The input section start

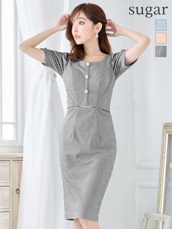 Lサイズあり【JEAN MACLEAN/ジャンマクレーン】チェック柄ニット/ ストレッチ/ ボタン/ カットアウト/ 半袖/ 袖あり/ パフスリーブ/ タイト/ ひざ丈/ ミディアムドレス/キャバドレス【HC02】 [35854-JM-B-S230603]
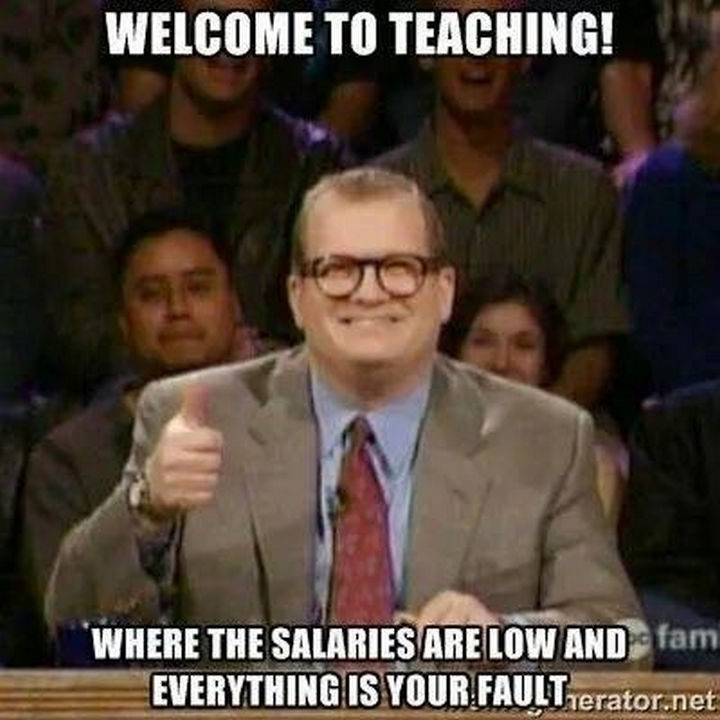 “Welcome to teaching! Where the salaries are low and everything is your fault.”
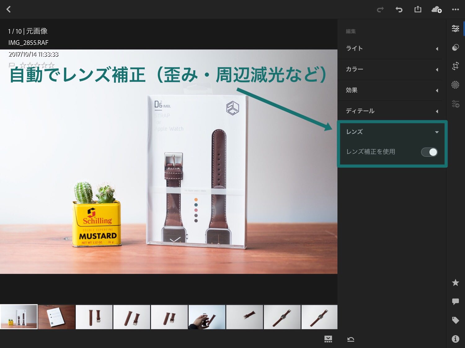 上でも軽く紹介したレンズ補正。オンにすると自動でレンズに合わせて歪みや周辺減光を補正してくれます。特に広角レンズで撮影した写真では効果を発揮します。
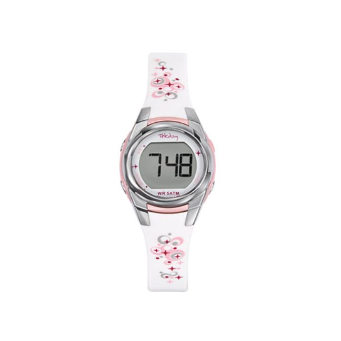 Boitier résine 28 mm, bracelet résine blanc et étoiles roses
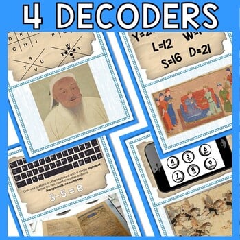 There are 4 clue cards and 4 puzzle decoders. Each clue card includes a short reading passage, questions to check for understanding, and a secret message to decode. Students will have to use deductive reasoning to determine which puzzle decoder corresponds with which clue. A set of labeled decoders is included for differentiation or younger grades.
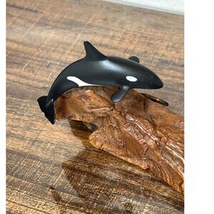 John Perry Orca Sculpture Burlwood Base Vintage Killer Whale Figurine Ocean Art
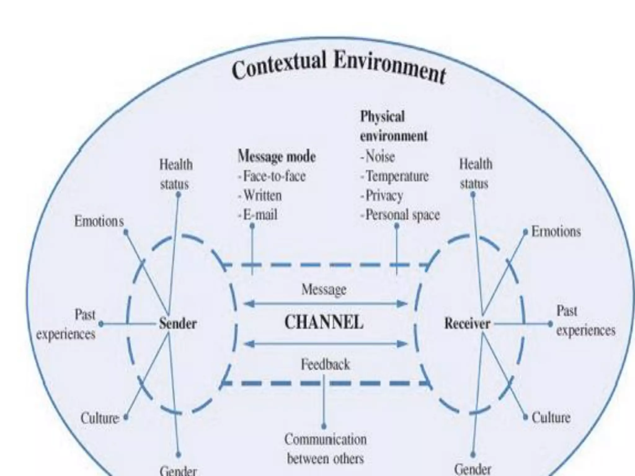 This document discusses communication in healthcare. It defines communication and describes its components and process. It discusses different types of communication including verbal, nonverbal, intrapersonal, interpersonal, and group communication. It outlines the sender, message, channel, receiver, and feedback elements of the communication process. It also discusses therapeutic communication techniques used in healthcare to develop trust and show caring. Barriers to communication and factors that affect communication are also summarized.

The input section end

> **Exercise description**
Return the lines above from the one with "Boitier résine 28" through the one with "John Perry Orca", verbatim and nothing else. Omit every picture.

> **Response**
 Boitier résine 28 mm, bracelet résine blanc et étoiles roses
 There are 4 clue cards and 4 puzzle decoders. Each clue card includes a short reading passage, questions to check for understanding, and a secret message to decode. Students will have to use deductive reasoning to determine which puzzle decoder corresponds with which clue. A set of labeled decoders is included for differentiation or younger grades.
 John Perry Orca Sculpture Burlwood Base Vintage Killer Whale Figurine Ocean Art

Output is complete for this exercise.